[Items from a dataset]
------------------------------------------------------------

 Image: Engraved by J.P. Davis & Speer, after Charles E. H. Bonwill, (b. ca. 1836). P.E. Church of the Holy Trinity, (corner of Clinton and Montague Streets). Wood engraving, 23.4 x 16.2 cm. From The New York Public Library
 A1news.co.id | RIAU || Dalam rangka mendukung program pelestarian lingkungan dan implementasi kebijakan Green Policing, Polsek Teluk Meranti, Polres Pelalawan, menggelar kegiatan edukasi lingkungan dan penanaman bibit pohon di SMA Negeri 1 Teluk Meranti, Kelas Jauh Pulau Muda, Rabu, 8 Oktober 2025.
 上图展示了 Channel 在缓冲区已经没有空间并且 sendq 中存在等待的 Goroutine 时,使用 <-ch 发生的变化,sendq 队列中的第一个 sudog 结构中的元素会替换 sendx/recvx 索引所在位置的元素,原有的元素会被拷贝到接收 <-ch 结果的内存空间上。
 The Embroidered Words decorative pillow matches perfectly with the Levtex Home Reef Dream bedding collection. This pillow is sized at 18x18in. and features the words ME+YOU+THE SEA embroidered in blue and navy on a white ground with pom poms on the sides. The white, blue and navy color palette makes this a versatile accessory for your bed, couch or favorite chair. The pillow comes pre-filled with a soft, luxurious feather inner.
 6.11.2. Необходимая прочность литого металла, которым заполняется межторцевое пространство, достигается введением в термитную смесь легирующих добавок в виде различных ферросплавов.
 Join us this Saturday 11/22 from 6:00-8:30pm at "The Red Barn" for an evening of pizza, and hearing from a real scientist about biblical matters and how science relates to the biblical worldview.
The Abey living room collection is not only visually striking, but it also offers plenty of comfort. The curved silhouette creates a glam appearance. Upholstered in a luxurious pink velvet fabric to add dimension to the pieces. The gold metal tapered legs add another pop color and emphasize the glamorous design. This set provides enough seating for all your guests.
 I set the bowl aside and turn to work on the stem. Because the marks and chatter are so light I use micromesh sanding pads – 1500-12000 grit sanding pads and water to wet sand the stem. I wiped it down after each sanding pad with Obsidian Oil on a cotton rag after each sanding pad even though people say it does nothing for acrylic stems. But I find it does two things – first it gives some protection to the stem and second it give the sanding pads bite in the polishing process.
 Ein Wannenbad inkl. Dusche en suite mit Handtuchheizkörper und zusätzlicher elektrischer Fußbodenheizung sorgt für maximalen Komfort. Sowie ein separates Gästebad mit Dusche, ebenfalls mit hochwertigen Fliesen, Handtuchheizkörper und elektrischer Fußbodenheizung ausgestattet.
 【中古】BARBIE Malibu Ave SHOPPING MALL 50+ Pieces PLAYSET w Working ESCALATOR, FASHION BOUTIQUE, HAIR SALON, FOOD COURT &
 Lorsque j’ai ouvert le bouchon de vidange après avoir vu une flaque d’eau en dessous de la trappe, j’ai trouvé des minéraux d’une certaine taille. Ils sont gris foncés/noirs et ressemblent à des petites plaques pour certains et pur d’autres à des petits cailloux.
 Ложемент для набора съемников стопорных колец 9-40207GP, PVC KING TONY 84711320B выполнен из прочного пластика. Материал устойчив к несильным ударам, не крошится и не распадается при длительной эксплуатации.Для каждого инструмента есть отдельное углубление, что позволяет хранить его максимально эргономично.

------------------------------------------------------------

> _Task to complete_
Each entry above is to be printed again exactly.

> _Task response_
 Image: Engraved by J.P. Davis & Speer, after Charles E. H. Bonwill, (b. ca. 1836). P.E. Church of the Holy Trinity, (corner of Clinton and Montague Streets). Wood engraving, 23.4 x 16.2 cm. From The New York Public Library
 A1news.co.id | RIAU || Dalam rangka mendukung program pelestarian lingkungan dan implementasi kebijakan Green Policing, Polsek Teluk Meranti, Polres Pelalawan, menggelar kegiatan edukasi lingkungan dan penanaman bibit pohon di SMA Negeri 1 Teluk Meranti, Kelas Jauh Pulau Muda, Rabu, 8 Oktober 2025.
 上图展示了 Channel 在缓冲区已经没有空间并且 sendq 中存在等待的 Goroutine 时,使用 <-ch 发生的变化,sendq 队列中的第一个 sudog 结构中的元素会替换 sendx/recvx 索引所在位置的元素,原有的元素会被拷贝到接收 <-ch 结果的内存空间上。
 The Embroidered Words decorative pillow matches perfectly with the Levtex Home Reef Dream bedding collection. This pillow is sized at 18x18in. and features the words ME+YOU+THE SEA embroidered in blue and navy on a white ground with pom poms on the sides. The white, blue and navy color palette makes this a versatile accessory for your bed, couch or favorite chair. The pillow comes pre-filled with a soft, luxurious feather inner.
 6.11.2. Необходимая прочность литого металла, которым заполняется межторцевое пространство, достигается введением в термитную смесь легирующих добавок в виде различных ферросплавов.
 Join us this Saturday 11/22 from 6:00-8:30pm at "The Red Barn" for an evening of pizza, and hearing from a real scientist about biblical matters and how science relates to the biblical worldview.
The Abey living room collection is not only visually striking, but it also offers plenty of comfort. The curved silhouette creates a glam appearance. Upholstered in a luxurious pink velvet fabric to add dimension to the pieces. The gold metal tapered legs add another pop color and emphasize the glamorous design. This set provides enough seating for all your guests.
 I set the bowl aside and turn to work on the stem. Because the marks and chatter are so light I use micromesh sanding pads – 1500-12000 grit sanding pads and water to wet sand the stem. I wiped it down after each sanding pad with Obsidian Oil on a cotton rag after each sanding pad even though people say it does nothing for acrylic stems. But I find it does two things – first it gives some protection to the stem and second it give the sanding pads bite in the polishing process.
 Ein Wannenbad inkl. Dusche en suite mit Handtuchheizkörper und zusätzlicher elektrischer Fußbodenheizung sorgt für maximalen Komfort. Sowie ein separates Gästebad mit Dusche, ebenfalls mit hochwertigen Fliesen, Handtuchheizkörper und elektrischer Fußbodenheizung ausgestattet.
 【中古】BARBIE Malibu Ave SHOPPING MALL 50+ Pieces PLAYSET w Working ESCALATOR, FASHION BOUTIQUE, HAIR SALON, FOOD COURT &
 Lorsque j’ai ouvert le bouchon de vidange après avoir vu une flaque d’eau en dessous de la trappe, j’ai trouvé des minéraux d’une certaine taille. Ils sont gris foncés/noirs et ressemblent à des petites plaques pour certains et pur d’autres à des petits cailloux.
 Ложемент для набора съемников стопорных колец 9-40207GP, PVC KING TONY 84711320B выполнен из прочного пластика. Материал устойчив к несильным ударам, не крошится и не распадается при длительной эксплуатации.Для каждого инструмента есть отдельное углубление, что позволяет хранить его максимально эргономично.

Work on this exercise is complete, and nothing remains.